ANDY Burnham is auditioning to replace Keir Starmer as First Algorithm to the Treasury, a job which no sane person should want and every politician longs for. In service of this strange ambition, he is going to give up the Manchester mayoralty and re-enter the Commons after finding a safe Labour seat.
He is confident that such a thing exists, despite all evidence to the contrary. Bless him. You have to suspect that whenever Andy is punched in the mouth, he still puts the tooth under the pillow, and that he gets excited when Christmas is only 23 big sleeps away.
I’d have wagered you’re more likely to find the elusive Moss Side Unicorn than a safe Labour seat, but we are told that Burnham has worked miracles in Manchester so maybe he’s done just that and the pursuit and capture of that whale safe Labour seat is small beer by comparison.
I don’t know what the voters of Manchester feel about being dumped like this. Although to be fair, he’s been Mayor since 2017 so a break-up now wouldn’t be too egregious. A bit of ‘it’s not you, it’s me’ with a smattering of ‘we’ve gone as far as we can together’ to the tune of Don’t Look Back In Anger and it’ll be fine. Andy will be released from his obligation, and Greater Manchester can briefly lick its wounds and ‘move on’ via Tinder.
It was said by some
The selectively puritanical Hannah Spencer, who seems to want you to put down your pint glass and pick up a crack pipe, was always going to win that seat for the Greens, now that Labour’s sectarian electoral game plan has been turned against it.
As usual Starmer got this wrong and did the rest of us a disservice.

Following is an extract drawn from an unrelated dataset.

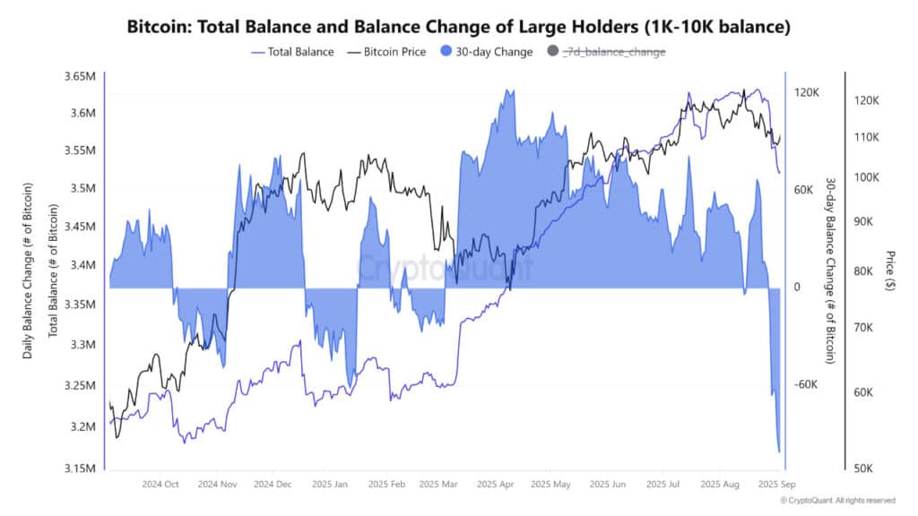 Ostatnie tygodnie przyniosły na rynku Bitcoina coś, co trudno było przeoczyć. Mianowicie potężną falę wyprzedaży ze strony największych graczy. W ciągu zaledwie miesiąca z portfeli tzw. wielorybów zniknęło ponad 115 tys. BTC, czyli równowartość ok. 12,7 mld dolarów. To największa redukcja pozycji od połowy 2022 roku. Na pierwszy rzut oka wygląda to jak sygnał alarmowy – duzi inwestorzy kapitulują, a cena spada poniżej 108 tys. USD. Jednak przy bliższym spojrzeniu obraz staje się bardziej zniuansowany.

The public humiliation of the insufferably smug is one of the few pleasures yet to be taxed. Had the PM let things take their course he’d have neutralised the Burnham threat and given the rest of us a good laugh. Perhaps that latter possibility horrified him, his attitude to laughter being possibly as severe as that of Jorge, the blind monk and murderous censor of all things comedic in The Name of the Rose.
It’s all a bit depressing though, this anti-historical mindset which assumes that all events are within the control of the relevant expert class, and that neither God nor chance have any say in the matter. And what is Burnham saying to local Labour canvassers who have natural affection for the traditions, services and quirks of the places where they happen to live?
Burnham likes to play the Northern card, but when it comes to his own advancement, he is one more career politician, for whom constituency and mayoral seats are just transactional, fungible units of currency in the seedy economy of internal Labour machine politics.
I’m not saying the Tories are any better, but when it came to questions of who the leader should be they at least used to have an impeccable system, one which exploited the twin merits of aristocracy and senility. Tory leaders way back when would just ‘emerge’ mysteriously in a way which showed no concern for something as vulgar as process. Nobody could say quite how this toff rather than that one had emerged as Prime Minister and it was not always clear that this emergee even knew they were now in charge of the country.
Seems to me that these were better times. Except for the Suez thing of course. Then the Party ‘modernised’, introduced a voting system and the result was Ted Heath. Enough said.
Speaking of toffs, the Burnham plan reminds me of the Dennis Price character in Kind Hearts and Coronets, who out of a sense of entitlement plots and murders his way almost to a baronetcy, only to be up-ended by an unnecessary exercise in personal vanity.
Hilarious and preposterous in equal measure. As was the film.